Rattachement à la France

Rousies appartenait avant Jésus-Christ aux Nerviens, peuple gaulois, il fut ensuite occupé comme toute la France et la Belgique par les Romains,  au V° siècle il fit partie du royaume de Clovis, roi des Francs.

 

Après la mort de Charlemagne, le traité de Verdun en 843 le plaça sous le pouvoir de Lothaire, petit-fils de Charlemagne puis, Charles le Chauve  mais cette domination n'était que théorique car le roi cédait, par le biais des investitures, son pouvoir à des seigneurs, c'est pourquoi les véritables maîtres de Rousies furent les Comtes de Hainaut, les Seigneurs d'Avesnes, les Seigneurs de Beaumont et surtout les chanoinesses de Maubeuge.

 

En 1476, Rousies fait partie des Etats de Charles le Téméraire, duc de Bourgogne. En 1550 le village appartient à l'Empereur Charles-Quint puis au roi d'Espagne Philippe II qui était le maître des Pays-bas (Pays-bas actuels, Belgique, Nord de la France).

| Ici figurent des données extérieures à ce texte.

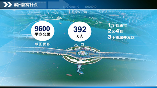 滨州位于山东省的北部,是山东省的北大门和西大门。滨州版图面积是9600平方公里,人口是392万,辖两区一市四县和三个市属开发区,区位优势非常独特。以滨州为中心100公里,辐射7个城市;以滨州为中心300公里,辐射7个二线城市。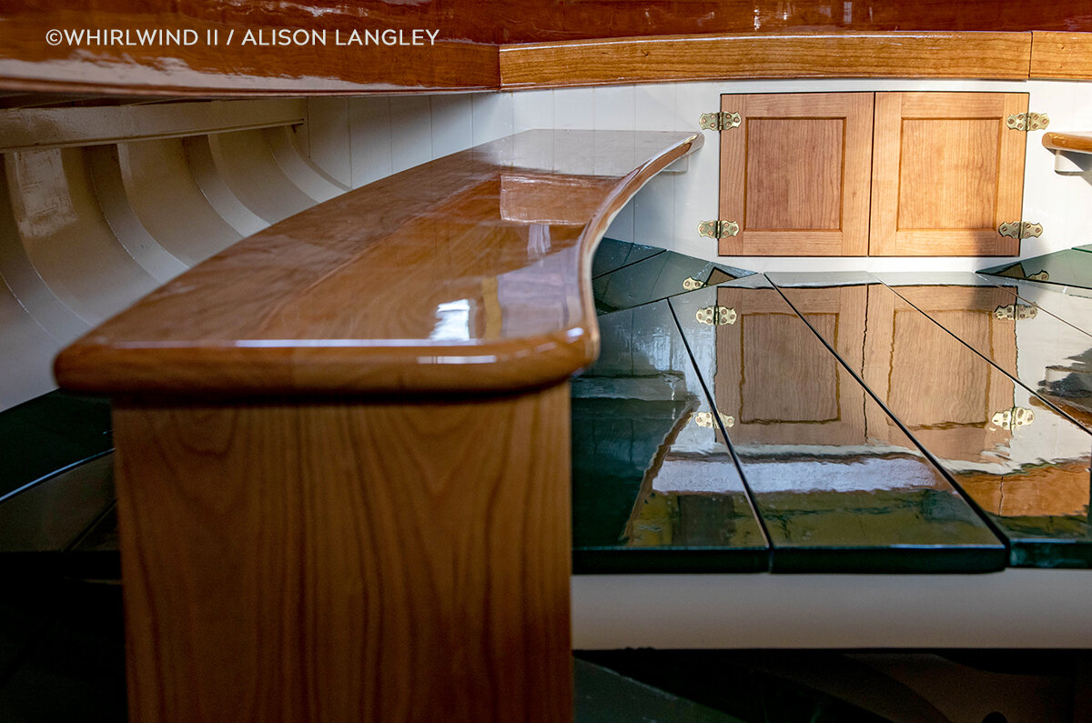 WHIRLWIND II is the brainchild of owner Yarrow Thorne, founder and director of The Avenue Concept in Providence RI. It has been an honor collaborating with Yarrow and the distinguished group of professionals he has assembled for design, engineering, and documentation. These include Captain Mary Ann Thorne, project manager Ezra Smith, naval architect Matthew Smith, photographer/filmmaker Alison Langley, writer Chris Museler, artist Russ Kramer, and cat boat advisor Tim Fallon. As they say, “it takes a village” and the Artisan Boatworks crew and I are grateful to be working with such an amazing support team.

Notre village comme tous ceux du Hainaut, eut beaucoup à souffrir des guerres continuelles opposant les rois d'Espagne et de France pour la possession de cette région et les habitants furent tour à tour exploités, volés et ruinés par les soldats espagnols ou français. Vers 1620 Rousies est dévasté par les mercenaires de Mansfeld, homme de guerre, qui mettait ses troupes au service du plus offrant.

 

En 1678, le traité de Nimègue donne Maubeuge à la France mais Rousies, Ferrière-La-Grande et Beaufort restent Espagnols et ce n'est qu'après le traité de Ryswick1, en 1669, qu'ils seront échangés contre d'autres villages belges et que Rousies deviendra officiellement français.

Les habitants souffrirent moins des guerres mais les impôts exigés par Louis XIV furent plus lourds, par exemple les Roséens durent payer l'impôt sur la « petite bière » alors qu'ils ne le payaient pas sous l'occupation espagnole.

Parfois aussi, les Espagnols, qui ne se trouvaient qu'à quelques kilomètres, en Belgique, et les Hollandais, réclamaient des « contributions » sous peine de représailles et les paysans payaient malgré l'interdiction de l'Intendant français de Maubeuge.

 

Les malheureux Roséens payaient donc deux fois : à leurs anciens maîtres et à leurs nouveaux.

D'ailleurs les habitants de Rousies, comme tous ceux du Hainaut, étaient profondément attachés à l'Espagne et ils n'aimaient point la France dont les troupes ne leur avaient apporté pendant de longues années, que ruine et misère et ils opposèrent pendant un demi-siècle après l'annexion une résistance passive à leurs nouveaux maîtres.

 

1 Le traité de Ryswick fut signé en 1697 mais le sort des « enclaves » fut l'objet de longues discussions entre la France et l'Espagne.